What Denmark’s Central Bank Is Actually Doing
Krogstrup laid out five pillars of the bank’s climate strategy—not just ideas on paper, but active programs that touch nearly every corner of its mandate:
- Running macroeconomic and financial stability scenario analyses to understand how the green transition could rattle (or strengthen) Denmark’s economy and banks
- Collecting and publishing financial exposure data related to climate, to improve transparency and support better risk assessments
- Factoring climate into the management of Denmark’s foreign exchange reserves
- Tracking and reducing the bank’s own emissions footprint
- Issuing green bonds on behalf of the Ministry of Finance
It’s technical work, sure, but it all circles back to the same goal of reducing systemic vulnerability in an increasingly unpredictable world.
The Case for Climate Scenarios and Better Data
Krogstrup spent time walking attendees through how scenario analysis has become a go-to tool in central banking — not just for climate, but post-2008 financial system stress testing more broadly. But the climate scenarios are more complex, she admitted, because they blend science, economics, and policy guesses into models that aren’t yet as precise as the financial sector might like.
Still, Denmark’s central bank is pressing forward. It’s already published detailed scenario analysis for Danish credit institutions and has teamed up with the DREAM economic modeling institute to understand transition impacts across sectors.
And the next frontier? Physical risk. Krogstrup pointed to tools like flood modeling developed by the Technical University of Denmark, which the central bank is now combining with micro-level housing data to understand how extreme weather (like storm surges) could impact property values and, in turn, bank collateral.

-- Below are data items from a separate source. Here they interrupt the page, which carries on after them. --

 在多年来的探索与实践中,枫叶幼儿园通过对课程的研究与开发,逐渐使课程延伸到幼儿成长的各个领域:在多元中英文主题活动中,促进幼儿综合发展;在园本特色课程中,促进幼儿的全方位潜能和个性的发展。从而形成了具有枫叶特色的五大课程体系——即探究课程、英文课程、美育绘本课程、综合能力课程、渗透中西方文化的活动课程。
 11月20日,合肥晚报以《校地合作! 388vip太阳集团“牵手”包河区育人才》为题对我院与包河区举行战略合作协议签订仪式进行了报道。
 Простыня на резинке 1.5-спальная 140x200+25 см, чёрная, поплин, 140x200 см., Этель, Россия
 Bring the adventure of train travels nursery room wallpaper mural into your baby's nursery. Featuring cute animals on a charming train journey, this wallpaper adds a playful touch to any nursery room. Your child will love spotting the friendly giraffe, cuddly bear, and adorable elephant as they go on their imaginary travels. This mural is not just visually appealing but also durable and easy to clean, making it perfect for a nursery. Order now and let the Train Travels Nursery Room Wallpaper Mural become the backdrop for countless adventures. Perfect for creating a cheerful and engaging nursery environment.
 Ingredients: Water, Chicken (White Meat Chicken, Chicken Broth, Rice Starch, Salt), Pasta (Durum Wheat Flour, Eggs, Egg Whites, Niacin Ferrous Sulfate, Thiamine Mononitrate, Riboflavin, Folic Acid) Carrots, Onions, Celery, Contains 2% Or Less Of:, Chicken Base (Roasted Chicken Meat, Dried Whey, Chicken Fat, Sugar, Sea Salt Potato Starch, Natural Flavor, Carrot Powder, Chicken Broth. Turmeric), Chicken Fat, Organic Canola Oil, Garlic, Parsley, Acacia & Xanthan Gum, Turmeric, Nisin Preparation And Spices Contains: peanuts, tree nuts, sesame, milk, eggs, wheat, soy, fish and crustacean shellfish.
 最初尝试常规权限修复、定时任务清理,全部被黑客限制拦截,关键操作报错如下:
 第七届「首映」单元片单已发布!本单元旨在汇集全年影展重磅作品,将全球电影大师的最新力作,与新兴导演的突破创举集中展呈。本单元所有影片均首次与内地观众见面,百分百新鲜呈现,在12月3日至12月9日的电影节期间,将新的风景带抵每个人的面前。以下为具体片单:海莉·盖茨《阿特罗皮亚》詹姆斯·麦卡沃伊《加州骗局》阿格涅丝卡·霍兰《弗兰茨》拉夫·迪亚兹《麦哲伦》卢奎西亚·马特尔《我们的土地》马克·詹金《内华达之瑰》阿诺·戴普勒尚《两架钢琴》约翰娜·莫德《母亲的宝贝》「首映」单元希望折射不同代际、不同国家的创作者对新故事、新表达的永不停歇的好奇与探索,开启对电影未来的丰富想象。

But the Data Still Isn’t Good Enough
Data quality and consistency remain a sticking point. “We’ve come a long way,” Krogstrup said, “but there’s clearly a lack of standardized, comparable data on climate risks.”
And now there’s a new wrinkle: the EU’s Omnibus Package, meant to simplify sustainability reporting, is raising eyebrows among regulators worried that simplification might come at the cost of information. “We need to follow this closely,” she warned.
Throughout her remarks, Krogstrup came back to the need for collaboration — between central banks, regulators, banks, scientists, and frankly anyone with a stake in the future. Because no single institution can tackle climate risk alone. And few within the financial sector are climate scientists.
“We have to engage and learn from science,” she said, “and from each other.”
The conference itself reflected that spirit, with speakers from the ECB, the Bank of England, the University of Copenhagen, and others across sectors.
As she wrapped up, Krogstrup distilled her message into three takeaways:
- The risk is real, and it’s getting closer. We can’t afford to treat climate as a back-burner issue.
- Scenario analysis and better data are our best tools, but they need refinement.
- Collaboration isn’t just helpful, it’s essential. No country or central bank is doing this in isolation.
So while the headlines may be filled with conflict and crisis, Krogstrup is urging financial leaders to think long-term, and stay the course.
Because, as she said, the wave is coming. And it’s time to get ready.